Trop poéticale, peut-être, l’image. Pour l’excuser, songez que la Tamise et la Seine suivent des chemins différents, et que Tommy, né à Londres, mérite la permission de n’être pas Parisien. Je reprends. Il faisait noir ; comprenez ce que signifie, un noir ennuyeux.

Jamais je n’avais respiré Christmas aussi déceptive. Comme il advient toujours en pareille occurrence, mon esprit évoquait les plus aimables images du passé. Le mauvais lutin de la cervelle se complaît de la sorte à aggraver le mal présent.

Tout en allant droit devant moi, de l’obscurité d’une rue dans l’obscurité d’une autre, je cultivais la remembrance des Christmas d’autrefois… Je me transportais à Londres ; je voyais défiler les bourgeois, négociants, employés, domestiques, tenant à pleins bras, comme un cher doux cœur précieux, l’oie traditionnelle.

Pourquoi l’oie ? je n’affirme rien ; mais le Royal petit Lord Jésus ayant choisi une étable, pour être porté dans la vie, entre le bœuf et l’âne, a voulu indiquer son affection pour les humbles animaux… ; et il lui est égal que ce soit le bœuf ou l’oie ; d’autant plus égal que le cher Honoré Baby possède évidemment un Divin caractère.

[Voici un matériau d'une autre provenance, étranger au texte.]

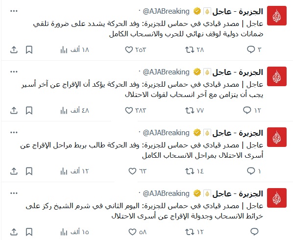 إلا أن المقاومة الفلسطينية وضعت شروط واضحة وحاسمة لإنهاء الحرب والإنسحاب الإسرائيلي الكامل من غزة، وقالت حماس بأن وفد الحركة أكد على أن الإفراج عن آخر أسير إسرائيلي يجب أن يتزامن مع آخر انسحاب من غزة، وشددت حماس على ربط مراحل الإفراج عن الأسرى بالإنسحاب الكامل للإحتلال.
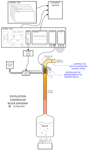 Our small team wanted to try applying big-industry practices to small-scale process application. We would test using a cost-effective, yet capable, programable logic controller (PLC), human-machine interface (HMI), various instrumentation, and control elements to operate a pilot still for increasing the strength of ethanol for beverage use. Such a “moonshining” application is legally confusing as there are many possible regulations. U.S. federal prohibitions largely remain in effect, although they have been challenged effectively in court. Individual states differ on the topic, and many countries have relaxed regulations. Anyone considering taking this up should research local legal restrictions. Safety is also important, with general hobbyist guidelines recommending against distilling a wash above 40% ethanol. The thought that a home distillation setup can compete on price with commercially available options simply isn’t practical, as is the case with home-brewed beer.
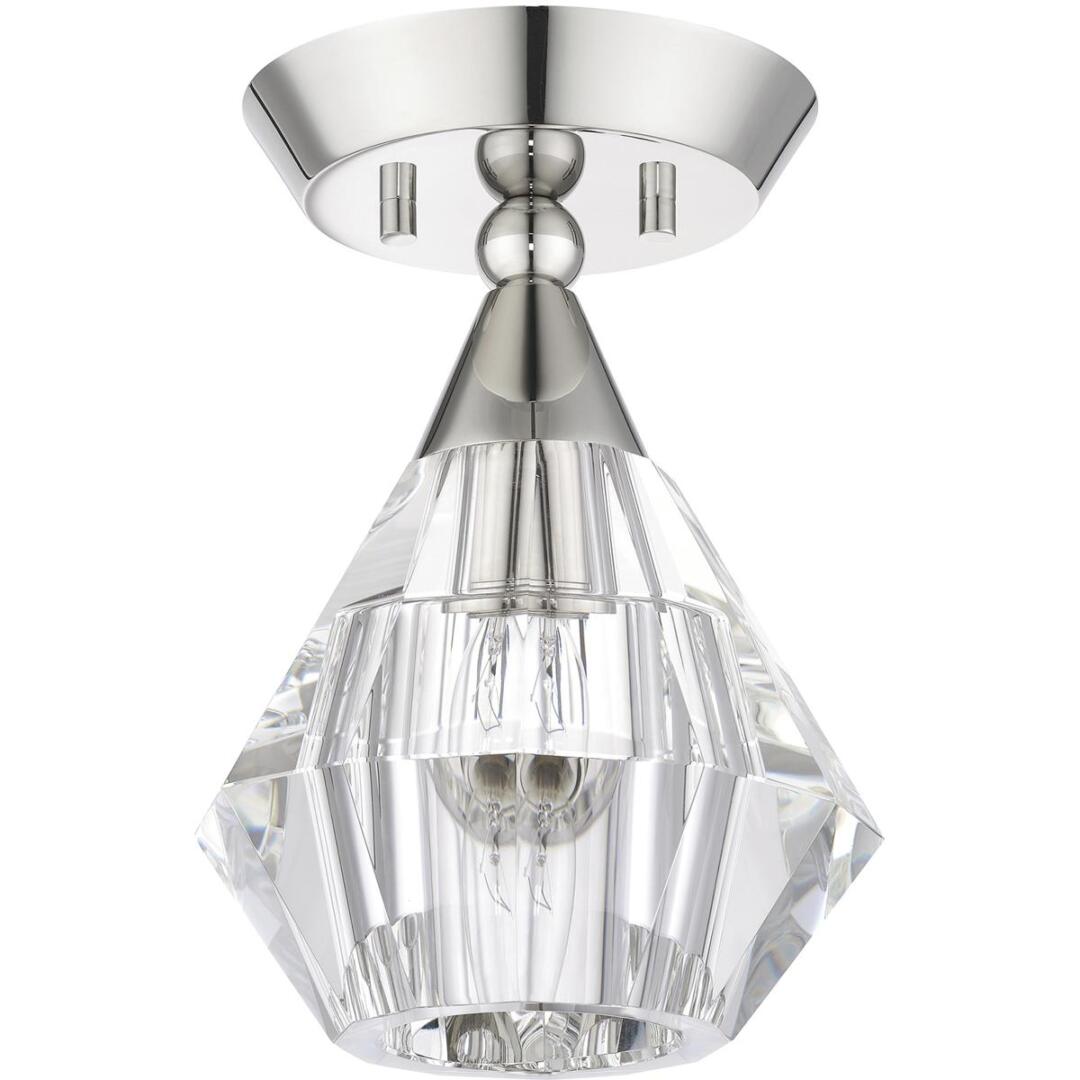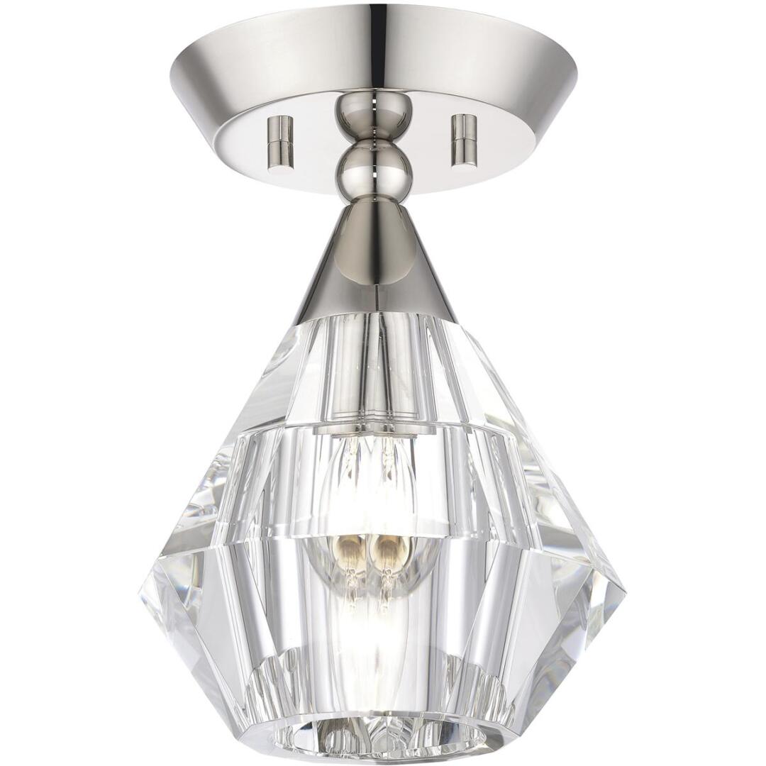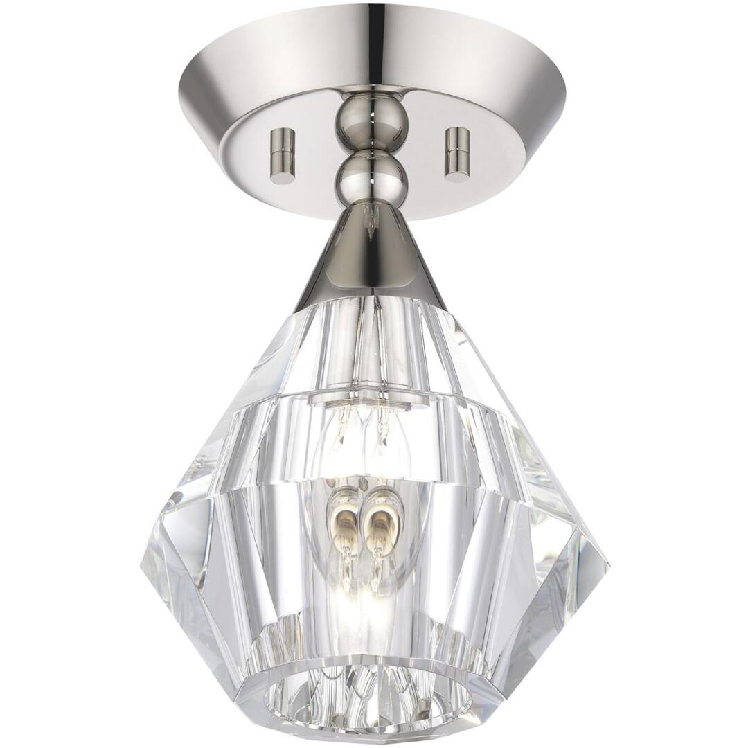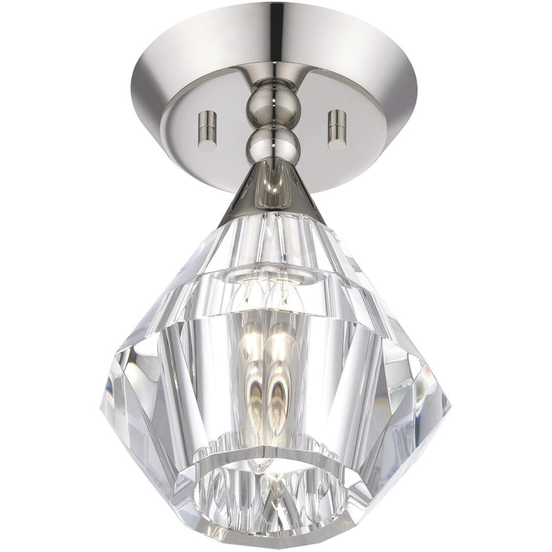 Clear faceted crystal makes an elegant appearance in this polished nickel semi-flush light. The Brussels is small and attractive, and will make a dazzling impression.
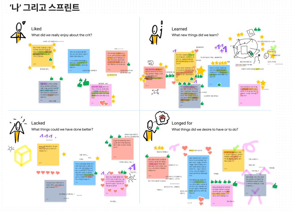 끝으로 Team Canvas에 팀 단위로 4L 회고를 남겼다
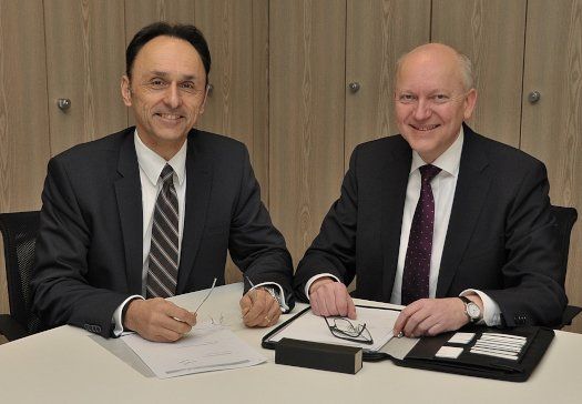 Der Vorstandsvorsitzende Richard L. Riedmaier (l.) und der Vorstand Franz Mirbeth legten heute die Bilanz der Volksbank Raiffeisenbank Bayern Mitte für das vergangenen Jahr vor. Foto: Volksbank Raiffeisenbank Bayern Mitte
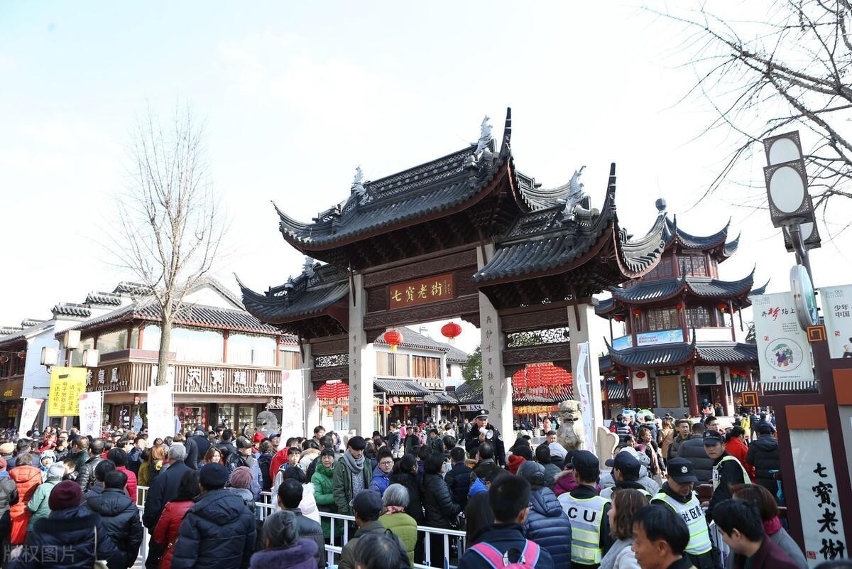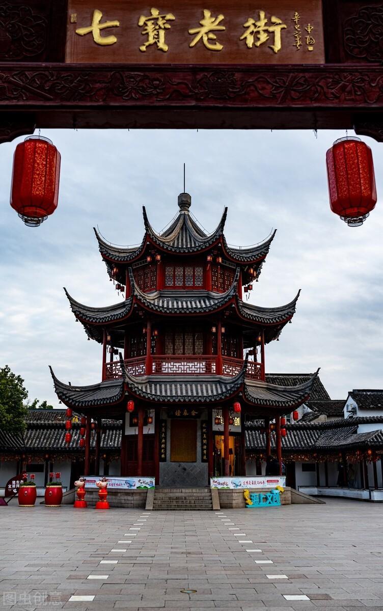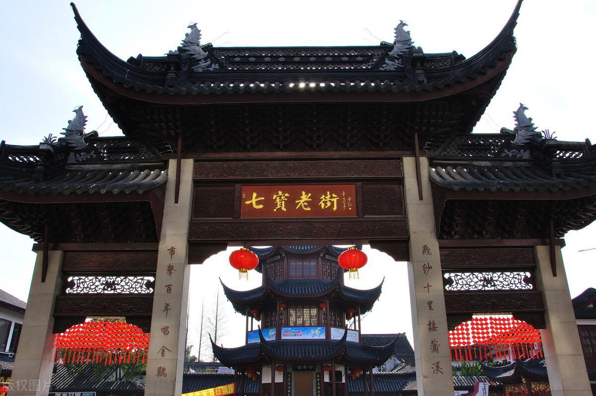现在想要进去参观,需要本人出示行程码和测量体温,安全后排队进入。这里是老街的正门,可以看到七宝老街的门牌坊,正对大门的三层宝塔是七宝钟楼,是七宝古镇的标志性建筑。在民间一直流传着七宝拥有“七件宝”之说,分别是金字莲花经、氽(tun)来钟、飞来佛、神树、金鸡、玉筷和玉斧。其中金来钟就藏于七宝钟楼,距今已有六百多年的历史。撞钟在佛教中有清烦恼、增智慧、保平安的寓意。每年除夕送旧迎新,钟声四起,为七宝百姓祈福。
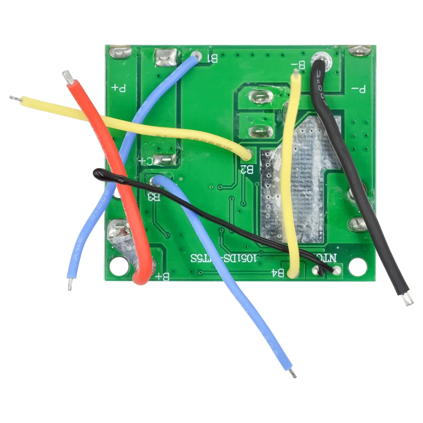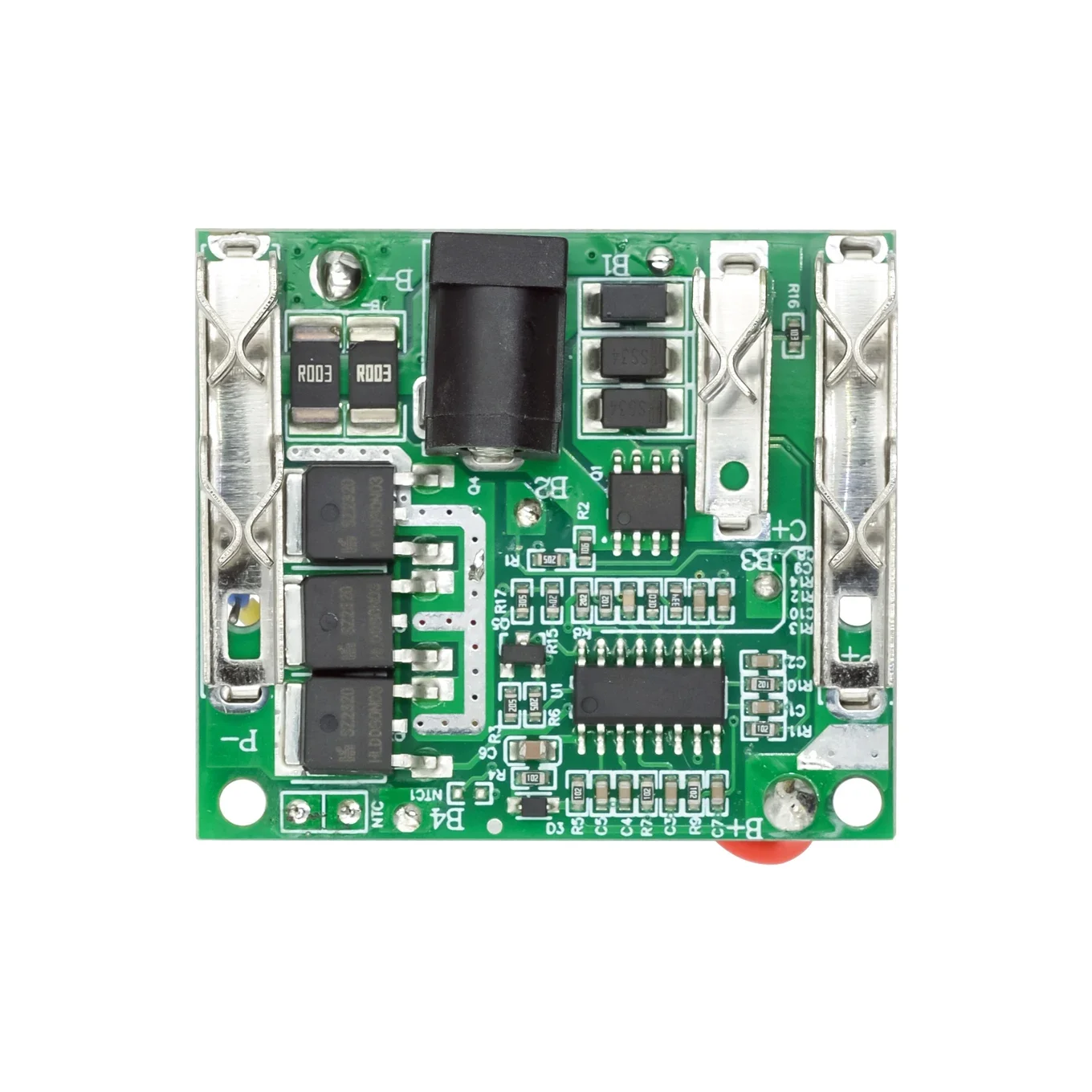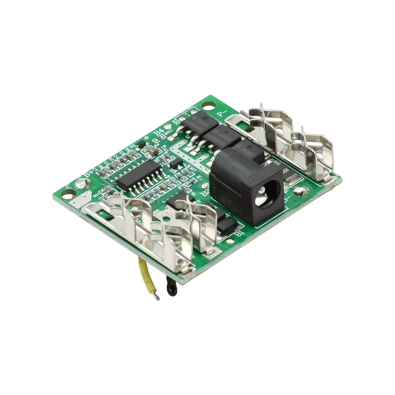 This is this high-quality 5-series lithium battery protection board, designed to enhance safety and longevity for your power tools and battery packs. With a vibrant green PCB surface, it combines a sleek, modern aesthetic with practical functionality. The black integrated circuits, neatly aligned surface-mount resistors, and capacitors showcase precision engineering, while the silver heat sinks and connectors add durability and efficient heat dissipation. Its compact size, approximately 46mm by 40mm with a height of 3.6mm, makes it ideal for various applications. The waterproof, moisture-proof, and electric insulation design ensures reliable operation even in rugged outdoor environments. Perfect for maintaining the safety and performance of lithium-ion, lithium manganese, lithium cobalt, or ternary batteries in 21V power tools and hand drills, this protection board is indispensable for enthusiasts and professionals alike.

Je savourais le spectacle dans mon cerveau, et naturellement je ne voyais pas mes pieds, situés à l’autre bout de ma personne.

Je trébuchai donc contre un obstacle.

Pauvre moi ! Qu’est-ce cela ? Dans l’angle d’une porte cochère, on dirait un gros paquet de chiffons.

Je trompe moi-même ; cela remue.

Je distingue des cheveux blonds emmêlés, une petite figure pâle, souffreteuse, avec de grands yeux bleus, où se lisait la colère et la peur.

Mon « obstacle » est une pauvresse d’une dizaine d’années à peine.

Je sens une grande émotion en moi. Le jour de la naissance du Dieu des Petits Enfants, aucun petit Enfant ne devrait souffrir. Et je dis de ma voix la plus véritablement douce :

— Que faites-vous ici, petite chose ? Vous dormiez ?

— Je ne dors pas.

Elle lance ces mots comme une injure… Non, plutôt un défi. Mais je suis Anglais… ; un Anglais relève toujours un défi :

— En ce cas, quelle est votre présente occupation ?

— Qu’est-ce que cela peut vous faire ? prononce-t-elle avec une sorte de rage.

— J’estime que vous seriez plus confortable encore dans votre pauvre maison…

Je ne continue pas. Elle rit comme on sanglotte.

— Je n’ai pas de maison.

— Vos parents en ont une.

— Je n’ai pas de parents…

Elle se reprend avec hâte :

— Si j’en ai… ; mais je ne sais pas où on les a emmenés…

De grosses larmes coulent de ses yeux bleus ; elle me chasse d’un grand geste :

— Vous occupez plus de moi… Du reste, avec un mot, j’aurai tout dit. Je suis boche, comme vous nous appelez, vous autres.

Boche ! oh oui, cela est répulsif ! La haine, le mépris pour les barbares s’agitent en moi.

Tu as parlé droit, pauvresse ; je ne puis m’intéresser à quelqu’un de ta race.

Je rencontre ses yeux bleus. Ils disent la défiance sauvage et aussi l’épouvante de l’abandon.

Que cela est drôle ! Mon cerveau me semble un écran de cinéma. J’y vois, bizarre, la crèche, le petit Roi Jésus, l’âne, le bœuf… et encore les rois Mages, coiffés de chapeaux hauts-de-forme, chargés d’oies appétissantes. Oh ! ces rois, ils ressemblent à mes compatriotes de Londres comme une goutte de cocktail ressemble à une autre goutte de cocktail. Mais tous. Mages, animaux, prononcent un même mot, un seul :

— Pardon ! Pardon !

Je regarde la petite mendiante. Les yeux bleus sont toujours fixés sur moi.

— Venez, je lui dis. Je vous ferai donner un lunch, une chambre à l’hôtel Demain vous me donnerez l’explication de votre isolement.

Elle secoue la tête d’un mouvement de désespérance obstinée :

— Puisque je vous dis que je suis Boche !

— Non, petite chose. C’est Christmas, vous êtes… Pardonnée.